» Exercise description
Pictures must be kept out of the copy. Every entry is to be duplicated exactly.

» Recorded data

□ □ □ □

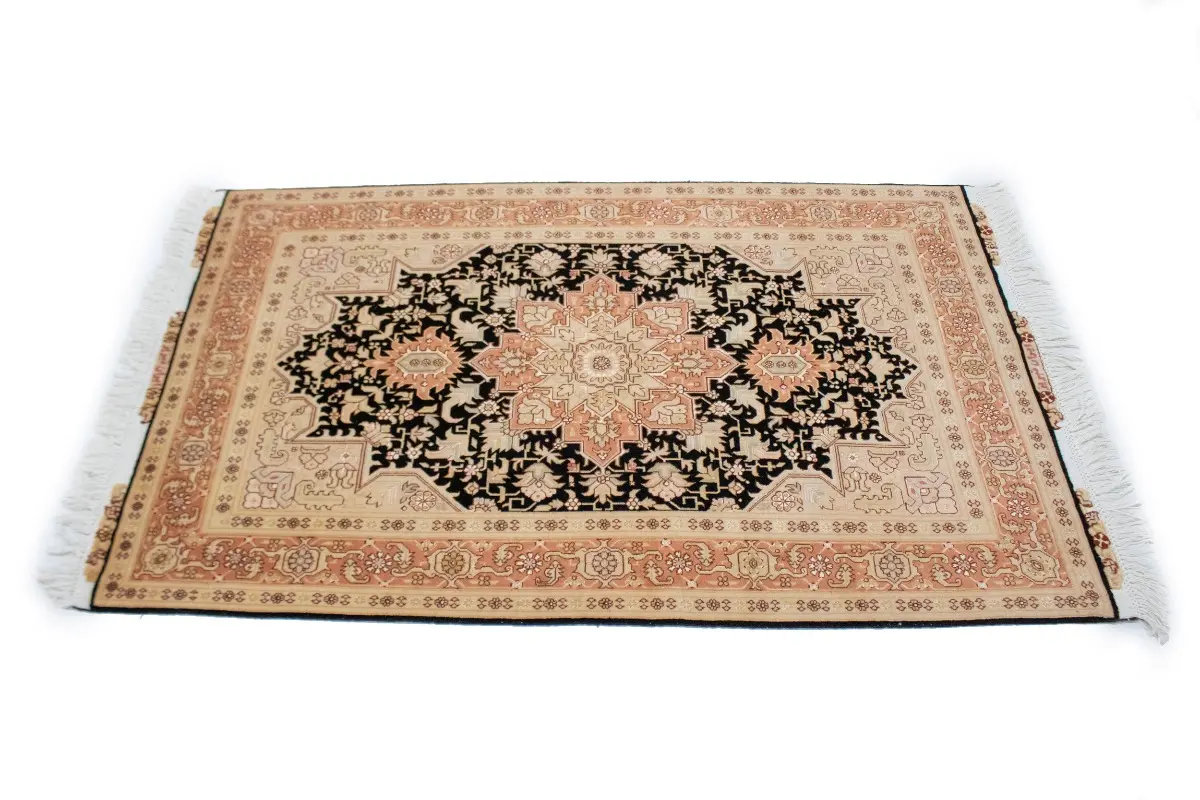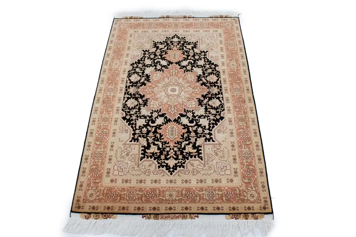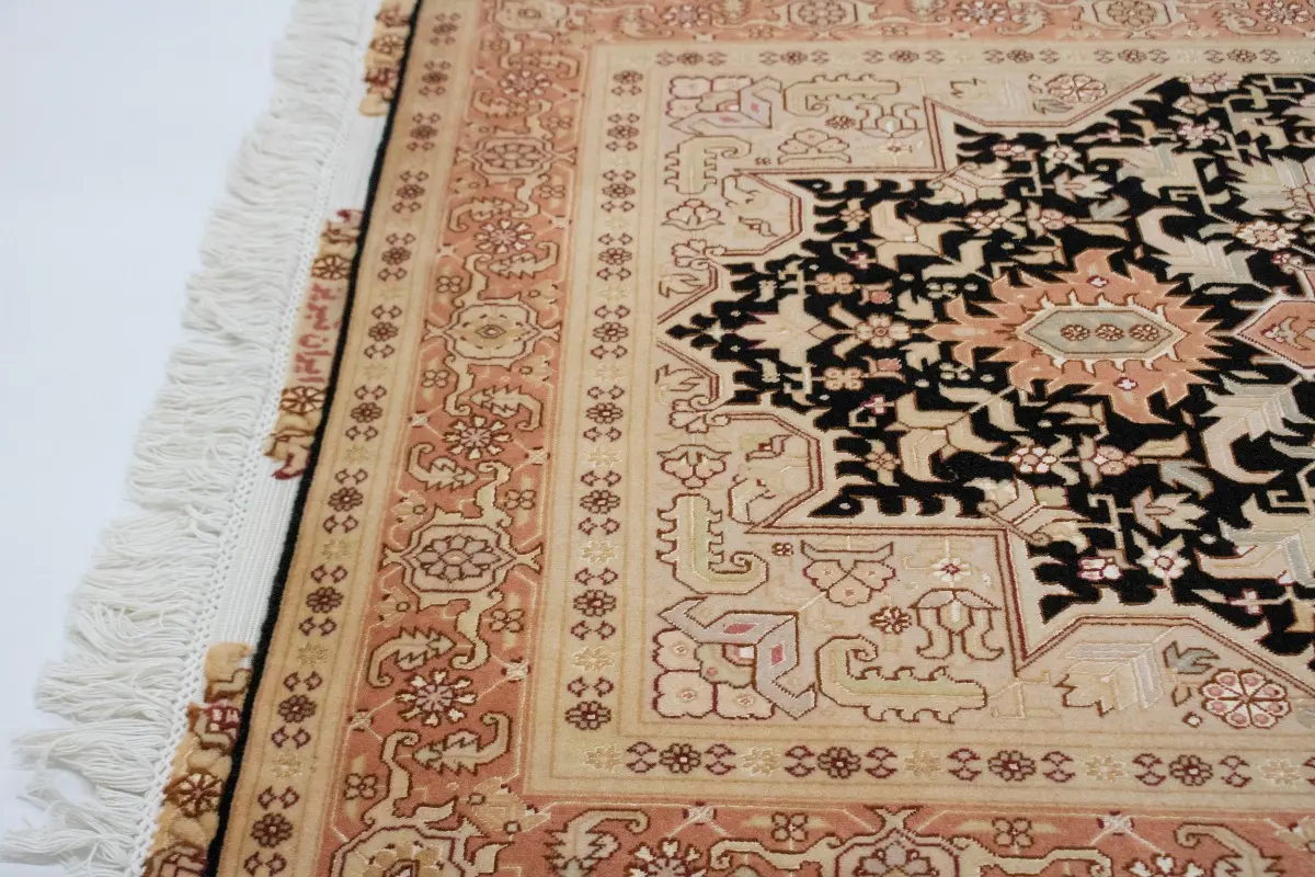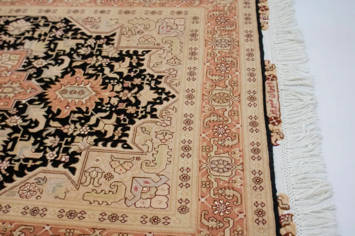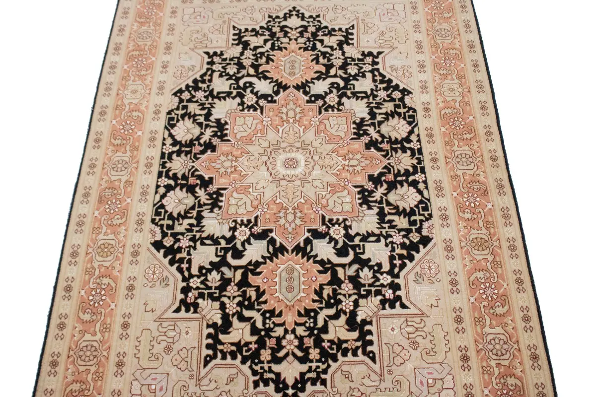 Black Traditional 3X6 Floral Tabriz Persian Oriental Rug
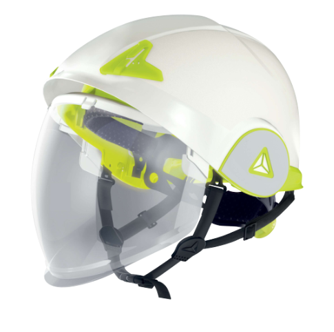 Casco de obra de doble carcasa, equipado con visera, para protección contra arcos eléctricos y salpicaduras de metal fundido.
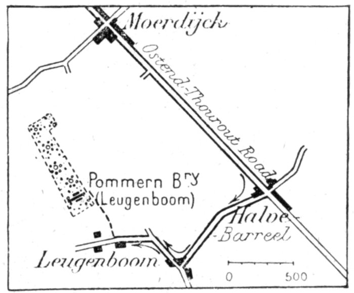 Beyond the church is a crossing; the road on the right leads to Ramscappelle (4½ kms.) which played an important part in 1914. On October 30, 1914,[Pg 118] a fierce German thrust ended in the capture of the village—already on the point of being inundated—from the Belgian 5th and 6th Infantry Regiments. The loss was one of the greatest importance, as no lines of resistance had been prepared in the rear. The recapture of Ramscappelle was therefore an indispensable if very difficult operation. (See p. 15.)
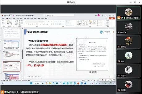 首先,沙静馨老师通报了年级现在就业情况,提醒各位同学积极投递简历,尽管现在因特殊原因有耽误,但整体的就业进度是在向前推进,要主动出击,不要坐以待毙。接着,沙静馨老师围绕在在线签约和线下签约两种情况给同学们做了详细的介绍,并针对员工实际情况,详细说明了空白协议书的管理和使用要求。
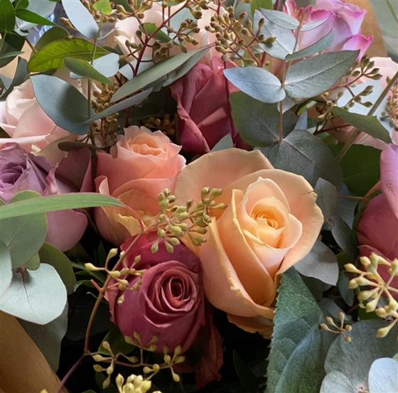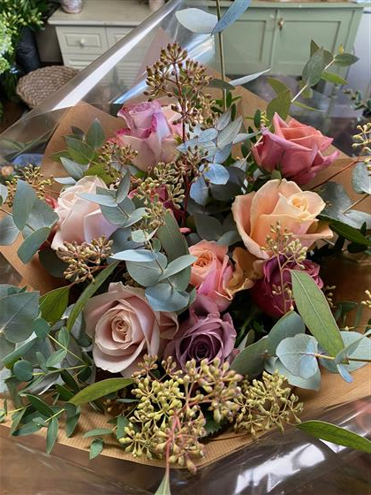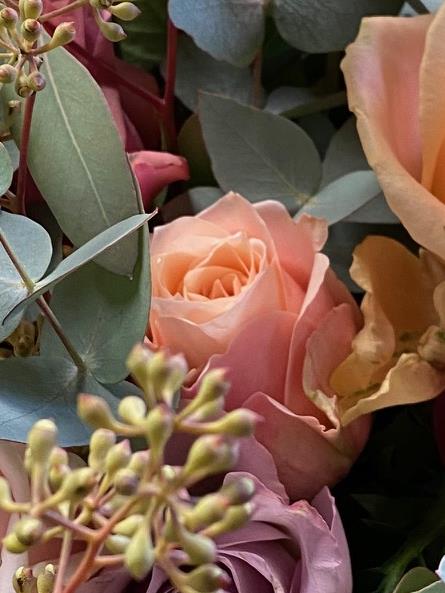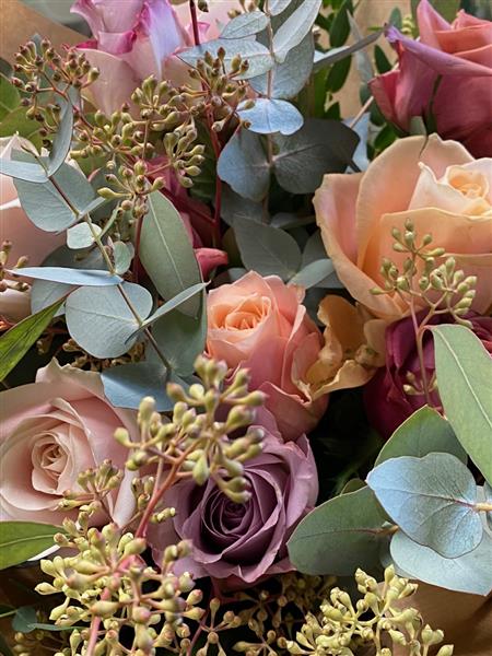 A beautiful winter bouquet featuring a carefully chosen selection of the season’s best blush and toffee roses, complemented by soft winter-green foliage.

□ □ □ □

» Your solution
 Black Traditional 3X6 Floral Tabriz Persian Oriental Rug
 Casco de obra de doble carcasa, equipado con visera, para protección contra arcos eléctricos y salpicaduras de metal fundido.
 Beyond the church is a crossing; the road on the right leads to Ramscappelle (4½ kms.) which played an important part in 1914. On October 30, 1914,[Pg 118] a fierce German thrust ended in the capture of the village—already on the point of being inundated—from the Belgian 5th and 6th Infantry Regiments. The loss was one of the greatest importance, as no lines of resistance had been prepared in the rear. The recapture of Ramscappelle was therefore an indispensable if very difficult operation. (See p. 15.)
 首先,沙静馨老师通报了年级现在就业情况,提醒各位同学积极投递简历,尽管现在因特殊原因有耽误,但整体的就业进度是在向前推进,要主动出击,不要坐以待毙。接着,沙静馨老师围绕在在线签约和线下签约两种情况给同学们做了详细的介绍,并针对员工实际情况,详细说明了空白协议书的管理和使用要求。
 A beautiful winter bouquet featuring a carefully chosen selection of the season’s best blush and toffee roses, complemented by soft winter-green foliage.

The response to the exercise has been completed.